Because the truth is, she is my type. Whatever type I thought I had, Gwen cuts straight through it. I haven’t had the chance to really know her yet, but I know enough.

I think about how gorgeous she is. The stories she might tell. The thoughts she probably keeps to herself.

Blake watches me, patient for once.

I settle on the part I can actually say. “Because she’s not built for this.”

Blake’s mouth tightens. “You mean your fame. Everything that comes with being on the team.”

I flinch.

“Yeah,” I admit. “My… everything.”

Blake leans back, eyes on the ceiling. “You don’t get to decide what people can handle,” he says, echoing a principle we’ve drilled into rookies a thousand times. Don’t baby them. Don’t limit them.

I swallow. “I’m not deciding. I’m just…”

“Scared,” Blake finishes, too gently.

My jaw tightens. I yank off my other skate and set it down harder than necessary.

“I’m tired,” I correct.

Blake doesn’t push. He nods like he understands that tired is sometimes code for I can’t talk about this without cracking open.

He stands, slaps my shoulder once. “I’m going to shower,” he says. “Try not to brood so hard you sprain something.”

I flip him off, not bothering to hide the affection.

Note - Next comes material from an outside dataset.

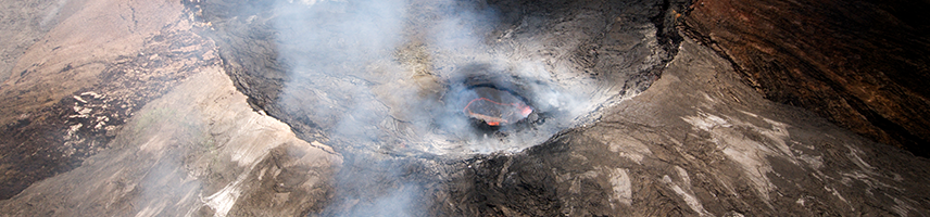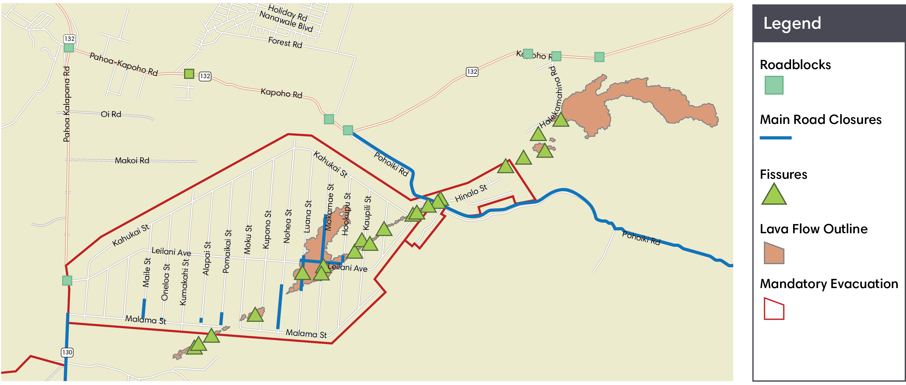 On May 3, 2018, a new eruption of Kīlauea Volcano began in the Leilani Estates neighborhood located in the lower East Rift Zone. Lava, hot water vapor, and gas fumes started spewing into the air from a newly-opened crack in the earth, and lava flowed slowly outward about 10 meters from this fissure.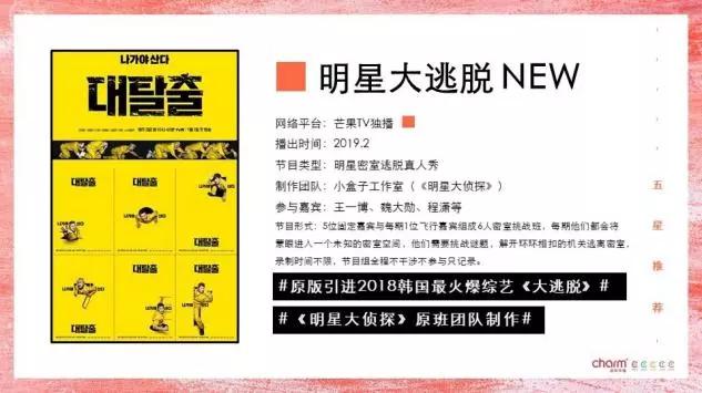 明年,《明星大侦探》将正式推出迷你剧,每季4~6集,每集40分钟。这支团队还正在制作密室逃脱类型的新节目《明星大逃脱》,继续挖掘IP价值。

When he walks away, I sit there for a second, skates off, thoughts loud, then stand and head for the showers.

Hot water hits, blasting away sweat and tension. The steam fogs my brain enough to quiet everything.

But the second I’m dressed again in sweats, hoodie, cap low, the thoughts come back.

Gwen.

I tell myself it’s because I’m concerned. Because she fell. Because she might be hurt.

But I saw her stand up. I saw her laugh. I saw her leave the ice under her own power. She’s fine.

So why am I still thinking about her?